> **Problem to work on**:
Exact reproduction is required for the lines below starting at the line with "2025-04-26為什么需" and ending at the line with "- the usual.", both included. No other lines, and no pictures.

> **Excerpted data**:

————

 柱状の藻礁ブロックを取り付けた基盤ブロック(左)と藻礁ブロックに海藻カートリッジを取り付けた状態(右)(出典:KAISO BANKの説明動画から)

————

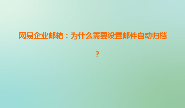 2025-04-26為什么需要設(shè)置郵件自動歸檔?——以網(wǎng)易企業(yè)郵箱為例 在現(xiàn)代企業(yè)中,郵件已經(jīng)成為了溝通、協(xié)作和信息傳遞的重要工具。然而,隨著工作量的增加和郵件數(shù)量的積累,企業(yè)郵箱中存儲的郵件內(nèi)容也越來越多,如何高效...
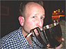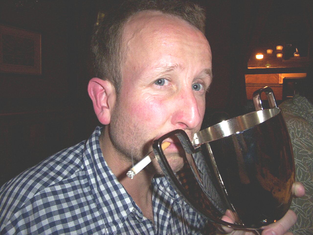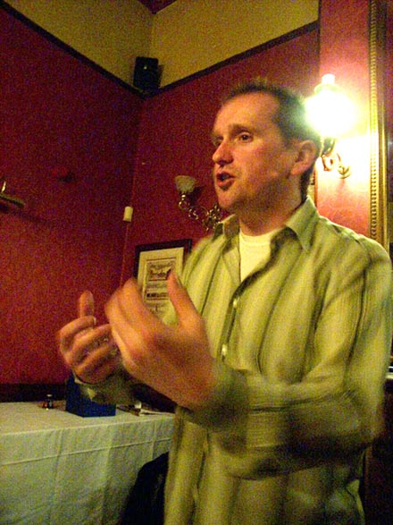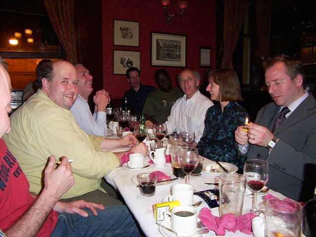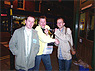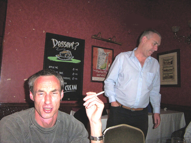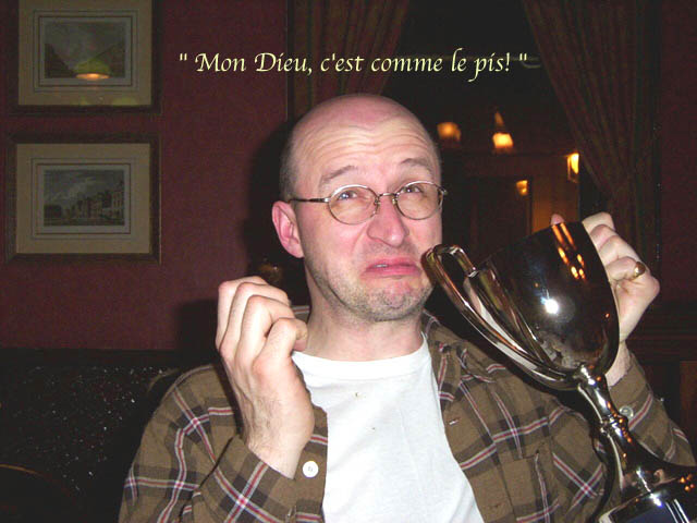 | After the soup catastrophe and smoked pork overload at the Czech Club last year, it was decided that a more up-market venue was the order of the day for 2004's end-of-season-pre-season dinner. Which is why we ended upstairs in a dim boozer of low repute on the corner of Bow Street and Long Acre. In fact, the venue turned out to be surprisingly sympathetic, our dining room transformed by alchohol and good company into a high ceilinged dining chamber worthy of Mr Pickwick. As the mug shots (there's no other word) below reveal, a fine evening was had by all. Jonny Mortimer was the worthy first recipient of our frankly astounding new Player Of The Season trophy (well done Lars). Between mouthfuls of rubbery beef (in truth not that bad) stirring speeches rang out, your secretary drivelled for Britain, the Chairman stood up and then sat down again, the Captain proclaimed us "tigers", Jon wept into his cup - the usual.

————

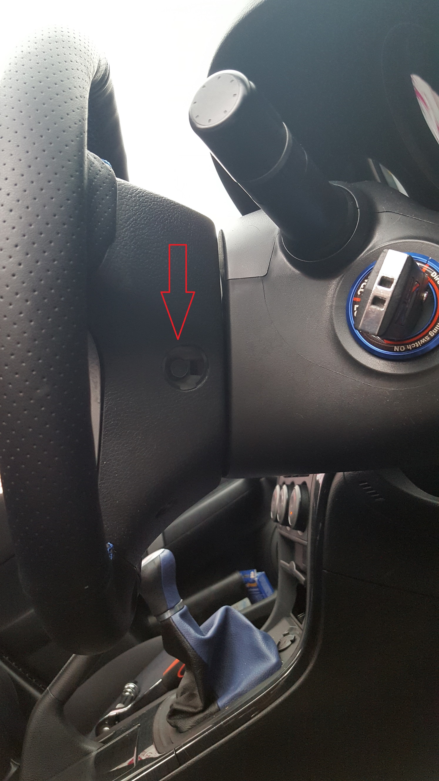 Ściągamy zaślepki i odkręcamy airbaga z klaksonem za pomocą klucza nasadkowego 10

————

> **Exercise output**:
 2025-04-26為什么需要設(shè)置郵件自動歸檔?——以網(wǎng)易企業(yè)郵箱為例 在現(xiàn)代企業(yè)中,郵件已經(jīng)成為了溝通、協(xié)作和信息傳遞的重要工具。然而,隨著工作量的增加和郵件數(shù)量的積累,企業(yè)郵箱中存儲的郵件內(nèi)容也越來越多,如何高效...
 | After the soup catastrophe and smoked pork overload at the Czech Club last year, it was decided that a more up-market venue was the order of the day for 2004's end-of-season-pre-season dinner. Which is why we ended upstairs in a dim boozer of low repute on the corner of Bow Street and Long Acre. In fact, the venue turned out to be surprisingly sympathetic, our dining room transformed by alchohol and good company into a high ceilinged dining chamber worthy of Mr Pickwick. As the mug shots (there's no other word) below reveal, a fine evening was had by all. Jonny Mortimer was the worthy first recipient of our frankly astounding new Player Of The Season trophy (well done Lars). Between mouthfuls of rubbery beef (in truth not that bad) stirring speeches rang out, your secretary drivelled for Britain, the Chairman stood up and then sat down again, the Captain proclaimed us "tigers", Jon wept into his cup - the usual.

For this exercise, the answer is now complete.